Re: [Freetype-devel] Re: GSOC - Distance Fields

2020-06-20 Thread Werner LEMBERG

> Systems without an FPU are vastly less common than they were 20
> years ago.  They still exist, and is a defendable position to want
> FreeType to continue to work on those systems, [...]

Honestly, I think this an issue even today – just think of the
Internet of Things stuff, which demands that even the sheets of my
toilet paper can communicate somehow...

>   - I have a *very* hard time imagining any system that has a
> programmable GPU, but no FPU.  As such, I find it completely
> nonsensical to ban using float for the SDF generation.
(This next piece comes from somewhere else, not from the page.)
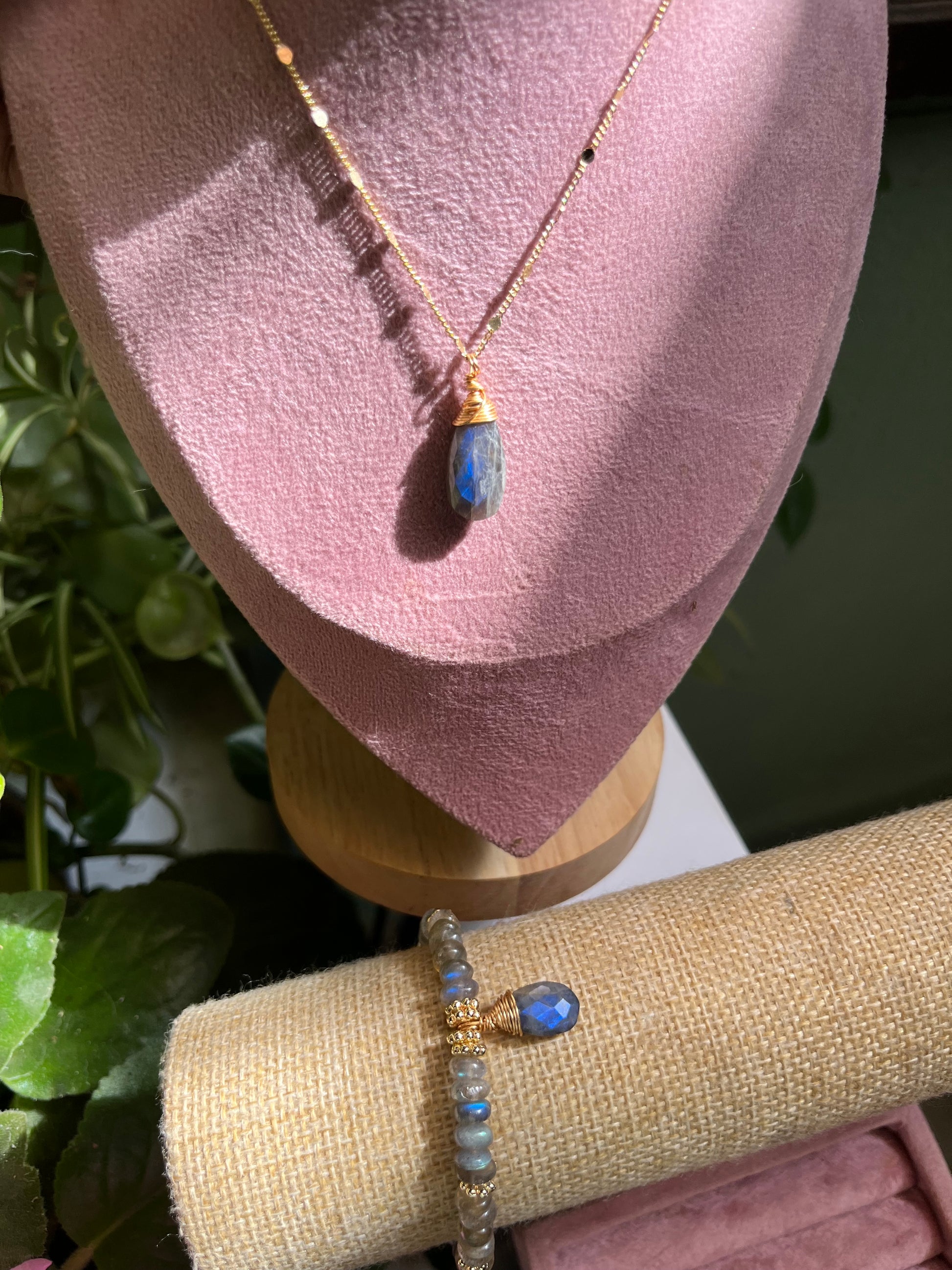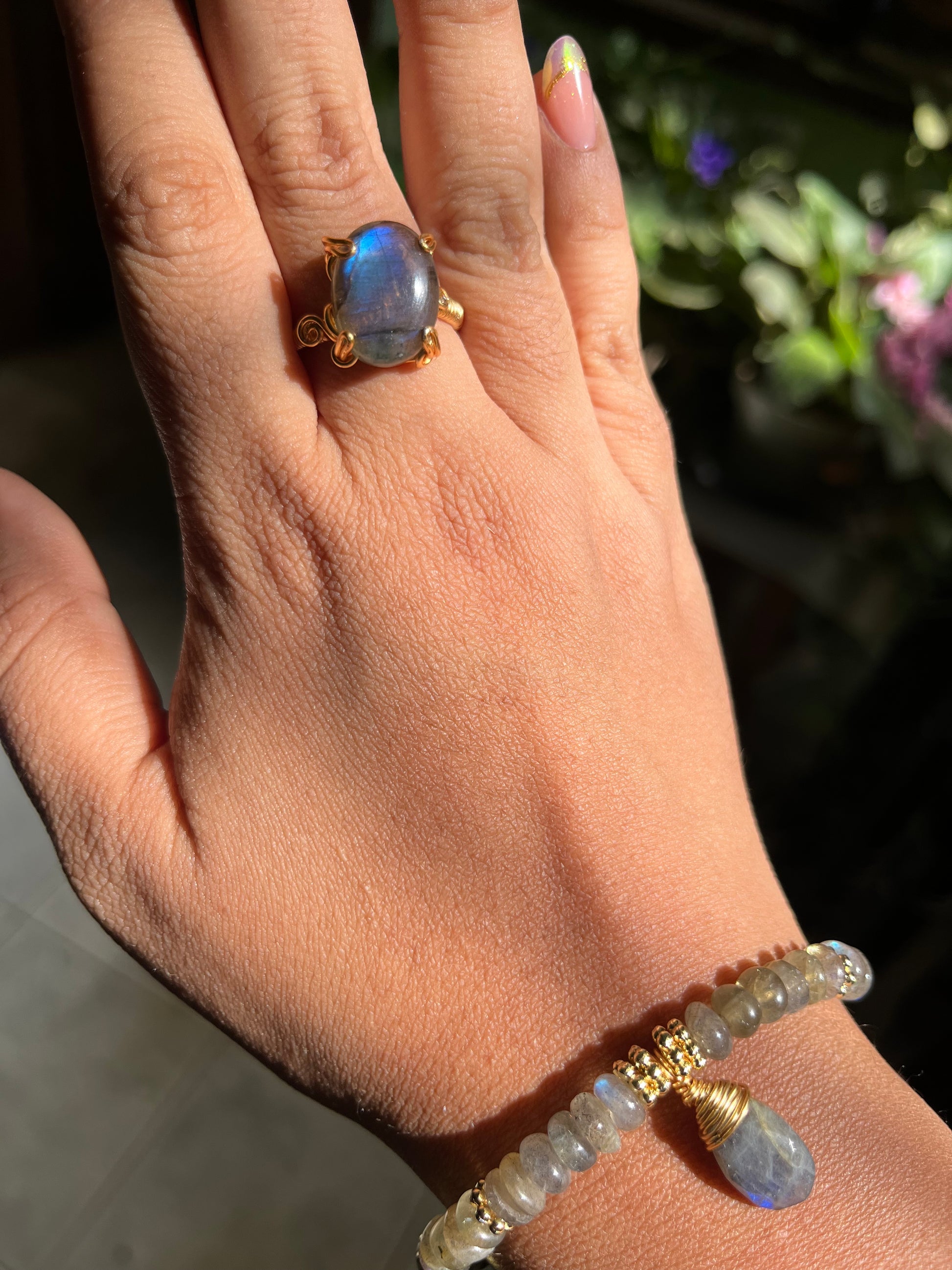 Set de 3 piezas: brazalete, collar y anillo ajustable de labradorita.

Here you definitely have a point.

> I strongly advise that you reconsider this.

We discussed that already, didn't we?

> And many other decisions that seem to be stuck in 20 years ago.  I'm
> working on writing a full assessment of FreeType as a project and
> will share in a new thread when that is ready.

Thanks for that.  I fully agree that a modern redesign of FreeType
would be a good thing.

> In the meantime, I like to see Anuj's time be spent in producing a
> **solid** SDF implementation, instead of fighting barriers that are
> not technically justified.

I beg to differ.  A GSoC project is not only to implement one thing in
one way.  It is an opportunity to learn.  Anuj is now seeing both
sides of the fixed-point mathematics medal, so to say; as soon as he
will have mastered the project he knows *exactly* when to use it and
when to avoid.

Deriving an alternative implementation using standard floating point
mathematics will be an easy exercise then, AFAICS.


Werner


Re: [Freetype-devel] Re: GSOC - Distance Fields

2020-06-20 Thread Werner LEMBERG
>>> Also I'm surprised that you haven't put the code get_min_distance
>>> code for each edge type into a function.  Would you prefer that I
>>> comment re these on github?
>>
>> I don't think that will be necessary.  I will fix that while adding
>> in FreeType.  That repository is just for testing and I might
>> delete it in the future.
> 
> I understand.  I find it using functions generously makes one's code
> develop and flow better.

I agree with Behdad.  Using functions, even for stuff that gets called
only once, greatly enhances readability of code, among other things.
So please proceed as you plan :-)


Werner



Re: Logging Library-GSOC

2020-06-20 Thread Behdad Esfahbod
On Sat, Jun 13, 2020 at 10:59 PM Werner LEMBERG  wrote:

>
> > I find it a *very* bad idea to have code in FreeType that would
> > write to a file.  Specially bad if that can be controlled by an
> > env-var.
>
> Interesting.  Please explain.  Do you fear security issues?
>

Sorry, forgot to reply to this.  Yes, security.  I give you a couple of
examples:

  - On a security-sensitive system, even an extra open file handle is an
extra tool an attacker can use to mount their attack.  Read this epic story:

https://threatpost.com/pinkiepie-strikes-again-compromises-google-chrome-pwnium-contest-hack-box-101012/77098/
https://blog.chromium.org/2012/05/tale-of-two-pwnies-part-1.html
https://blog.chromium.org/2012/06/tale-of-two-pwnies-part-2.html

  - A few years ago there was an attempted attack on ChromeOS.  Some
ChromeOS UI components were using GTK+, which uses Pango.  Pango used to
have a config file.  The default search path for the config file looked in
certain directories on the user's home-directory, which is writable to the
user.  It could also be controlled via an environment variable.  The config
file could reconfigure where Pango module map was loaded from.  The Pango
module map pointed to binary modules to load for shaping certain scripts.
Pango would dlopen() such modules and look for a specifically named symbols
and call those.  That's already problematic, because it means that an
attacker who finds a way to write files to user's home directory would be
able to make the system UI load custom code.  On top of that, note that
that on Linux / ELF as well as most other systems, binary modules can
execute code at runtime linking stage.  That means, such attack could run
arbitrary code on processes that just linked to GTK+ and initialized it but
not even display any text.

So when I hear about a system, no matter what it is, that will write to
file, controlled via env-vars, and configured through a config file, my
immediate response is:

  - That sounds like hell of a lot of security vectors, for...
  - A feature that is not even justified to begin with!  FreeType clients
what to read text.  None of this contributes to any of that.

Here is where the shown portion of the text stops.